LISTED RECORDS Block Start

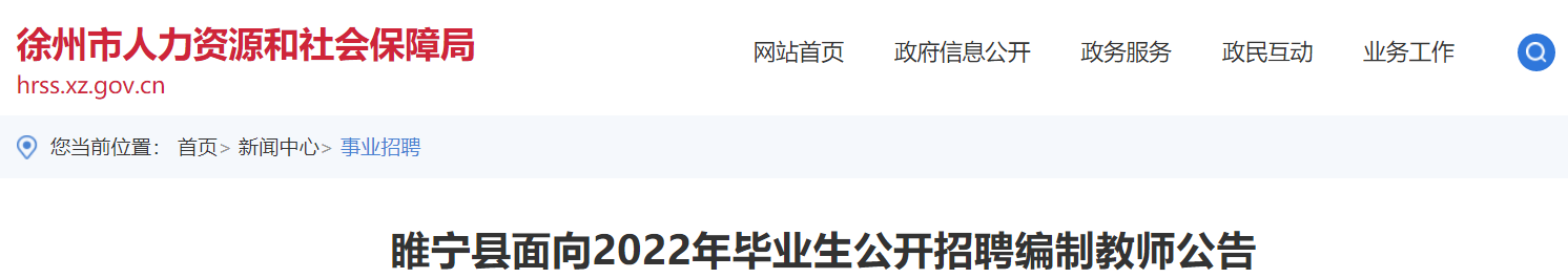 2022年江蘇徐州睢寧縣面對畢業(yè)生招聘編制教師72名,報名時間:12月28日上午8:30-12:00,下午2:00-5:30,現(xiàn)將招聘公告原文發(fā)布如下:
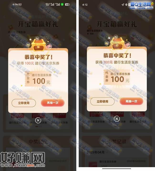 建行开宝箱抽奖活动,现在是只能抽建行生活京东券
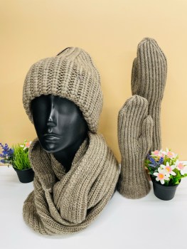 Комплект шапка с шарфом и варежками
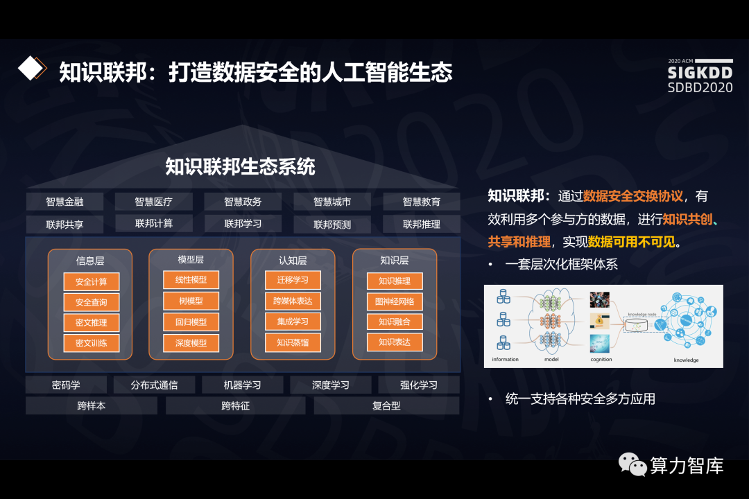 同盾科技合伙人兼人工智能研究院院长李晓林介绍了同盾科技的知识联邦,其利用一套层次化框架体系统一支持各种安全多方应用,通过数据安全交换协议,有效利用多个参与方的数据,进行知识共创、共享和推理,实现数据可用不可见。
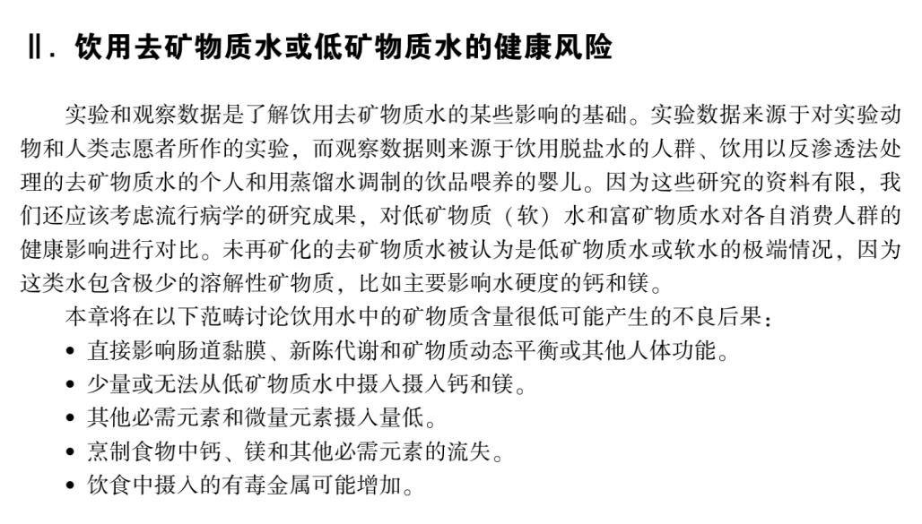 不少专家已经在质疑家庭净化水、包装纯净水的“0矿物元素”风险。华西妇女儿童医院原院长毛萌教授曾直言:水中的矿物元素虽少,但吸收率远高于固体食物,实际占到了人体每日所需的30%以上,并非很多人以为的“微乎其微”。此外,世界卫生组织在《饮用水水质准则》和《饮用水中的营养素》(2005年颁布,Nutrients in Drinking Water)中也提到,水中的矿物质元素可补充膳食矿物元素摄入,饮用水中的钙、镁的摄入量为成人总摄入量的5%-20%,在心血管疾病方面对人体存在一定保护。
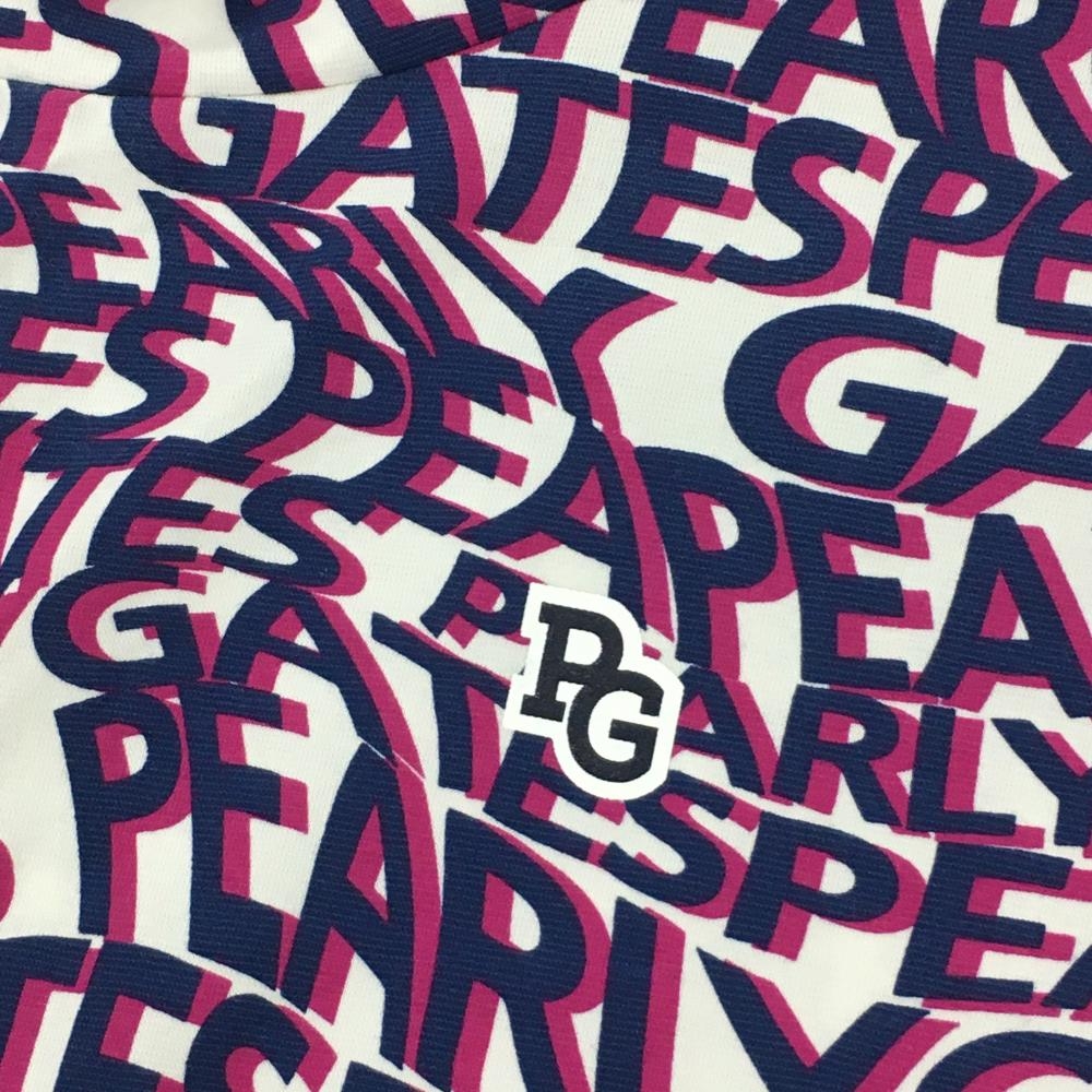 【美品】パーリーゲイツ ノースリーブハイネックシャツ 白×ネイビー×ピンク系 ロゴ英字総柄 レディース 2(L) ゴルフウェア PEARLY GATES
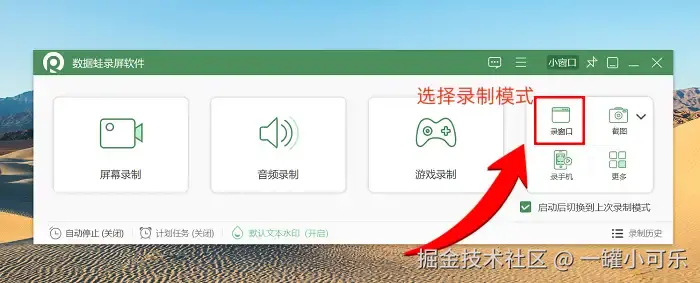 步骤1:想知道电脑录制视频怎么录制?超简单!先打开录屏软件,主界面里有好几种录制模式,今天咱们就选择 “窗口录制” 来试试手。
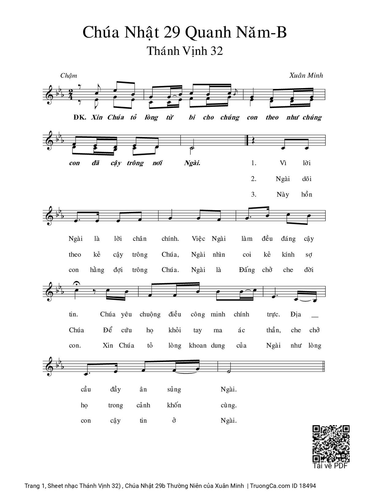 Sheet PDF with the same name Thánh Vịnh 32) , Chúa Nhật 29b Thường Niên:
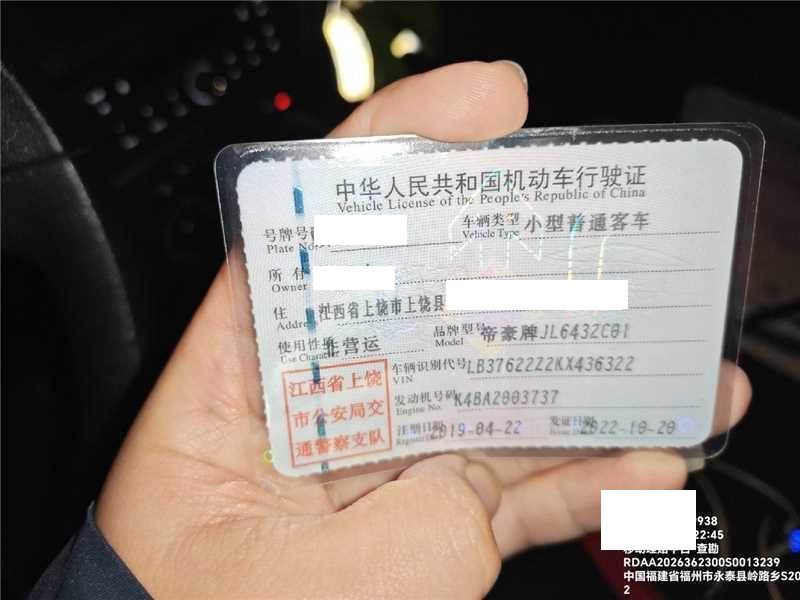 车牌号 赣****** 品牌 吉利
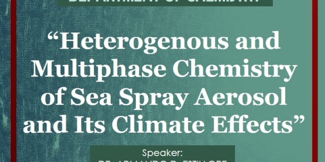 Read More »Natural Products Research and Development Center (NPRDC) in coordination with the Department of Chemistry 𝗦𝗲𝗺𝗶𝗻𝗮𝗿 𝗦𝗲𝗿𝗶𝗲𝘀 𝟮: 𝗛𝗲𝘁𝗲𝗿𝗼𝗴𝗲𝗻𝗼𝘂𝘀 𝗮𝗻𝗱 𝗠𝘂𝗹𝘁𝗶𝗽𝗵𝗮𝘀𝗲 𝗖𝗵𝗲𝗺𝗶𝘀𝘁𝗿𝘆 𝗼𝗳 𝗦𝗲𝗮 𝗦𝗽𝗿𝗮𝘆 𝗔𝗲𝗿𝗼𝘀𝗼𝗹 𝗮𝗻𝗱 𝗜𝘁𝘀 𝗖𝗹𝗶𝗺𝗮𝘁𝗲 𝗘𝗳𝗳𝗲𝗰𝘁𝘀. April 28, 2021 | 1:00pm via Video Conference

LISTED RECORDS Block End

Where the line containing "ゴルフウェア PEARLY GATES" appears, begin copying there and continue exactly through the final line of the records; both end lines belong in the copy, pictures do not.

§ **EXERCISE RESULT**
 【美品】パーリーゲイツ ノースリーブハイネックシャツ 白×ネイビー×ピンク系 ロゴ英字総柄 レディース 2(L) ゴルフウェア PEARLY GATES
 步骤1:想知道电脑录制视频怎么录制?超简单!先打开录屏软件,主界面里有好几种录制模式,今天咱们就选择 “窗口录制” 来试试手。
 Sheet PDF with the same name Thánh Vịnh 32) , Chúa Nhật 29b Thường Niên:
 车牌号 赣****** 品牌 吉利
 Read More »Natural Products Research and Development Center (NPRDC) in coordination with the Department of Chemistry 𝗦𝗲𝗺𝗶𝗻𝗮𝗿 𝗦𝗲𝗿𝗶𝗲𝘀 𝟮: 𝗛𝗲𝘁𝗲𝗿𝗼𝗴𝗲𝗻𝗼𝘂𝘀 𝗮𝗻𝗱 𝗠𝘂𝗹𝘁𝗶𝗽𝗵𝗮𝘀𝗲 𝗖𝗵𝗲𝗺𝗶𝘀𝘁𝗿𝘆 𝗼𝗳 𝗦𝗲𝗮 𝗦𝗽𝗿𝗮𝘆 𝗔𝗲𝗿𝗼𝘀𝗼𝗹 𝗮𝗻𝗱 𝗜𝘁𝘀 𝗖𝗹𝗶𝗺𝗮𝘁𝗲 𝗘𝗳𝗳𝗲𝗰𝘁𝘀. April 28, 2021 | 1:00pm via Video Conference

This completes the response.